L’Etat est la dernière organisation à veiller scrupuleusement au respect du Droit. À cet égard, il est plus que paradoxal que la majorité des individus placent encore un signe d’égalité entre pouvoirs publics et sécurité. La puissance étatique — issue de la violence ! — serait le meilleur garant de la sécurité des individus, voilà une thèse qui, en dépit de sa singularité, continue de sembler évidente à beaucoup. Même un auteur se réclamant du libertarianisme (tendance minarchiste, il est vrai), Charles Murray, écrit le plus naturrellement du monde : " pour qu’une société libertarienne fonctionne, il est essentiel que les gens soient privés de l’usage de la force. " Un minarchiste commet donc la même erreur qu’un étatiste classique. Ajoutons que, à l’instar de ce qui se passe dans les États totalitaires, non seulement la propagande officielle laisse peu de place aux opinions dissidentes, mais elle tente même de réécrire le passé en laissant croire qu’en tout temps et en tout lieu, les hommes ont accepté d’être désarmés par les statocrates au nom de la paix et de la sécurité de tous.

Parmi ces poncifs, il faut citer l’erreur récurrente qui consiste à voir dans l’Ouest américain du XIXe siècle une époque de sauvagerie bestiale, provoquée par l’éloignement de l’autorité centrale, la propriété privée des armes à feu et la concurrence policière. Il y a quelque vingt-cinq ans, deux auteurs ont estimé judicieux de rappeler quelques vérités occultées par les historiens, sans oublier les scénaristes de cinéma . Dans cinq des villes " sauvages " les plus importantes, pour la période 1870-85, on dénombre à peine 45 morts violentes ! Ainsi, les habitants d’Abilene n’ont pas eu à déplorer un seul meurtre en 1869-70 ! L’explication est que personne n’avait ôté aux individus le droit de se protéger contre d’éventuels agresseurs. C’est autrement dissuasif que de planter un shérif derrière chaque bandit potentiel (par définition, difficilement identifiable). Des pionniers se sont de la sorte réunis en associations chargées de protéger leurs droits de propriété, en recourant à des arbitrages privés. Des malfrats célèbres ont ainsi pu être mis hors d’état de nuire grâce à la libre possession d’armes : Jesse James n’a pas été arrêté par les fédéraux, ni par des shérifs, mais par de simples citoyens défendant la banque qu’il était en train de dévaliser.
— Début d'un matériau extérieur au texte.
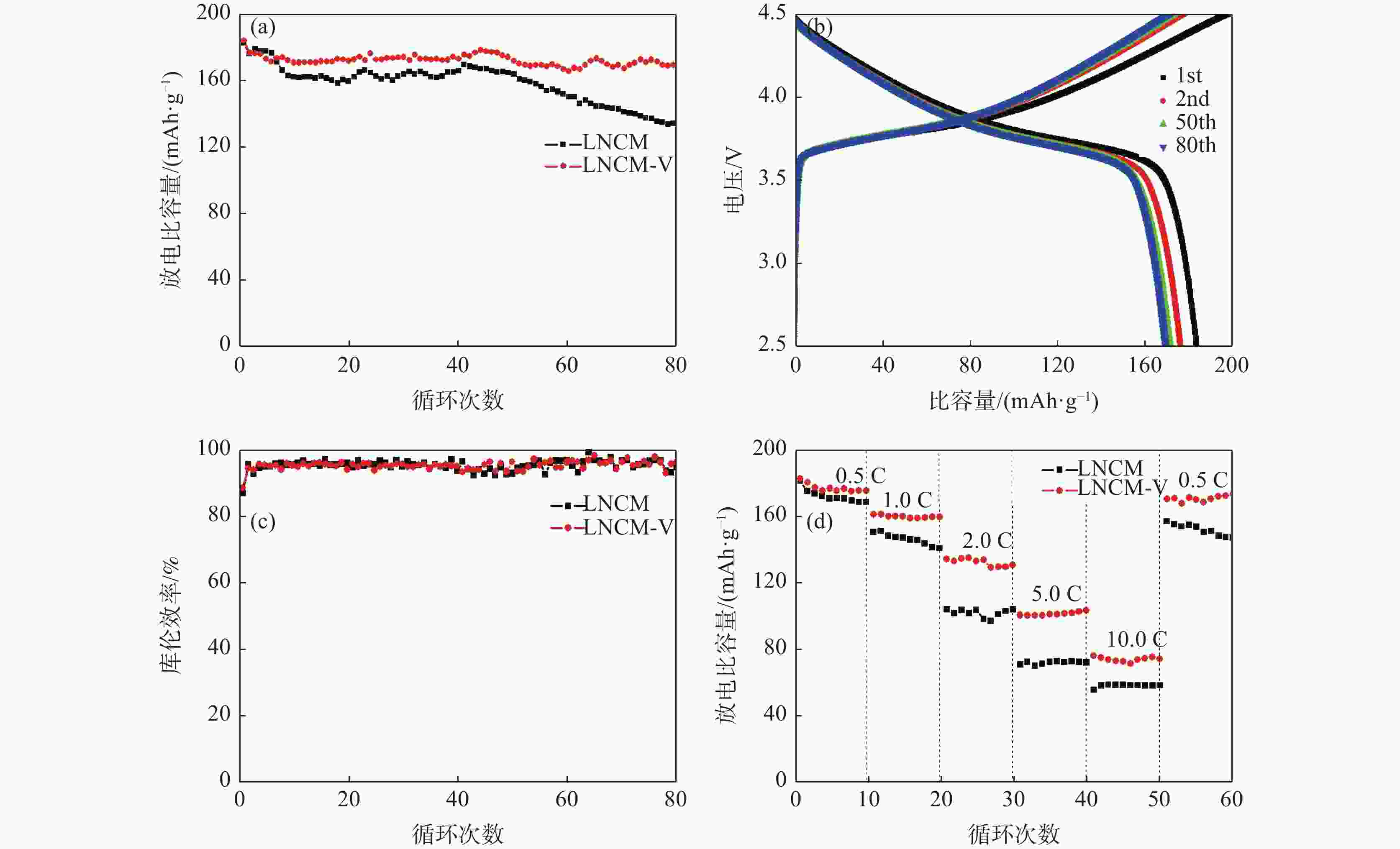 图 3 (a) LNCM和LNCM-V样品的循环性能,(b) LNCM-V样品的充放电曲线,(c) LNCM和LNCM-V样品的库仑效率,(d) LNCM和LNCM-V样品的倍率性能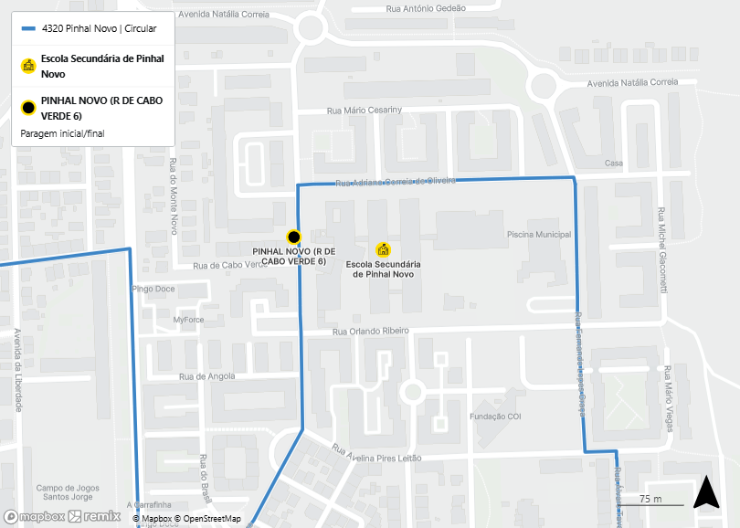 A linha passará a efetuar início e fim de percurso na paragem Pinhal Novo (R De Cabo Verde 6), junto da Escola Secundária de Pinhal Novo: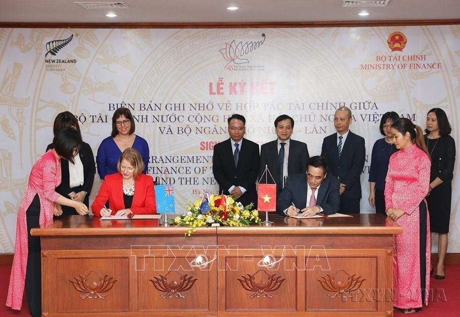 Lễ ký Biên bản ghi nhớ hợp tác tài chính giữa Bộ Tài chính Việt Nam và Bộ Ngân khố New Zealand (Hà Nội, 23/7/2020). Ảnh: Phạm Hậu - TTXVN
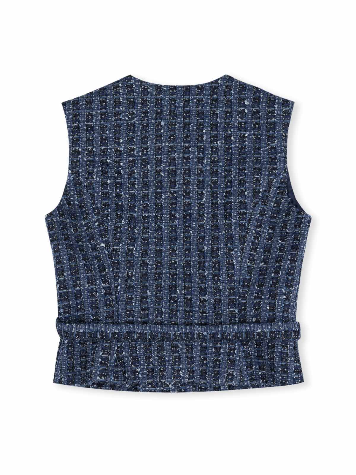 This is a sleeveless tweed vest with a round neckline, metal button closure and a waist belt to define the fit.
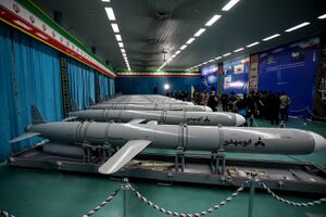 رضوان الباليستي: إنگليزية: Rezvan هو صاروخ باليستي أرض - أرض متوسط المدى إيراني الصنع ذو مرحلة واحدة يعمل بالوقود السائل، وله رأس حربي قابل للفصل وبمدى عملياتي يبلغ 1400 كيلومتر (870 ميل). وقد أعلنت جمهورية إيران عن هذا الصاروخ الباليستي الجديد في 22 أيلول/ سبتمبر 2022م.[453] حيث كشفت القوات الجوية في الحرس الثوري الإيراني، للمرة الأولى عن صاروخ (رضوان) الباليستي الذي يعمل بالوقود السائل خلال العرض العسكري الذي أقيم بمناسبة أسبوع الدفاع المقدس (ذكرى الحرب العراقية الإيرانية) بالعاصمة الإيرانية طهران، بالإضافة إلى صاروخ (خيبر شكن) والذي يعني بالعربية (كاسر خيبر).[64][454][455][456][457][458][459][460][461][462][463][464][465][466][467][468][469][470][471][472][473][474][475][476] إن هذا الصاروخ يصنف ضمن الصواريخ الإستراتيجية التي تمتلكها طهران، ويستطيع دخول الغلاف الجوي للأرض بسرعة ثمانية أضعاف سرعة الصوت.[477][478][479][480] وتم تصميم هذا النظام الصاروخي الإيراني بالكامل من الفكرة إلى الإنتاج من قبل العلماء في القوات الجوية التابعة للحرس الثوري الإيراني.[481][482][483][484][485][486] ومن الميزات التي يتمتع بها صاروخ رضوان الباليستي هو أنه صاروخ نقطوي، وهو مصنف كواحد من الصواريخ الإيرانية متوسطة المدى.[63] بالإضافة إلى إنه بالإمكان إطلاقه من مجموعة متنوعة من المنصات الثابتة والمتحركة. ونقلت وكالة أنباء الجمهورية الإسلامية الإيرانية عن قائد الحرس الثوري الإيراني اللواء حسين سلامي قوله "إنه صاروخ باليستي دقيق".[64][65][71][487][488][489][490][491][492][493][494]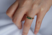 光や角度によって色が変わって見えて楽しくも美しい指輪です。サイドの小さなダイヤもキラキラしてかわいいです。嬉しくて毎日つけています。ありがとうございました。

En voulant " civiliser " les cow-boys, par un désarmement obligatoire, les agents du gouvernement ont créé les conditions de la multiplication des bandes de truands. Car a-t-on jamais vu un criminel céder volontairement son outil de travail à un policier ? Seuls des gens intimidés par la loi agissent d’une telle façon ; pas les criminels. Autrement dit : quand les armes deviennent hors-la-loi, seuls les hors-la-loi sont armés. Ce qui ne signifie évidemment pas que ceux qui conservèrent clandestinement un fusil fussent tous des assassins, ou des individus animés d’intentions malhonnêtes et agressives. Parmi les récalcitrants, il y avait aussi des gens un peu plus courageux que les autres, et plus déterminés à se défendre contre des pillards. Ils ont cependant été considérés comme autant de criminels en puissance, sous le prétexte risible que celui qui cache certaines choses à l’autorité étatique ne peut le faire que pour des raisons inavouables. Et le pire est que la majorité des gens semble approuver ce type de réflexion primitive... quand elle concerne les autres, évidemment. À ce train-là, il n’est pas invraisemblable qu’un décret prohibe l’usage des rideaux et tentures. Au nom du sacro-saint souci-démocratique-de-la-transparence, les résidents seraient de la sorte, affirmeraient les statocrates, mieux protégés par les gardiens de la paix qui pourraient surveiller plus efficacement l’intérieur de leur domicile. Et aux récalcitrants, ils répondraient d’un ton excédé : " Il faut savoir ce que vous voulez ! Quand on veut une sécurité optimo-parétienne, chacun doit consentir à des sacrifices. Et puis, quoi ! C’est ça ou alors nos agents s’installent chez vous. " L’arrogance, l’aisance à énoncer des choix qui n’en sont pas à dessein de mettre l’opposant devant de présumées contradictions, tout cela fait partie de la panoplie de l’étatiste de base.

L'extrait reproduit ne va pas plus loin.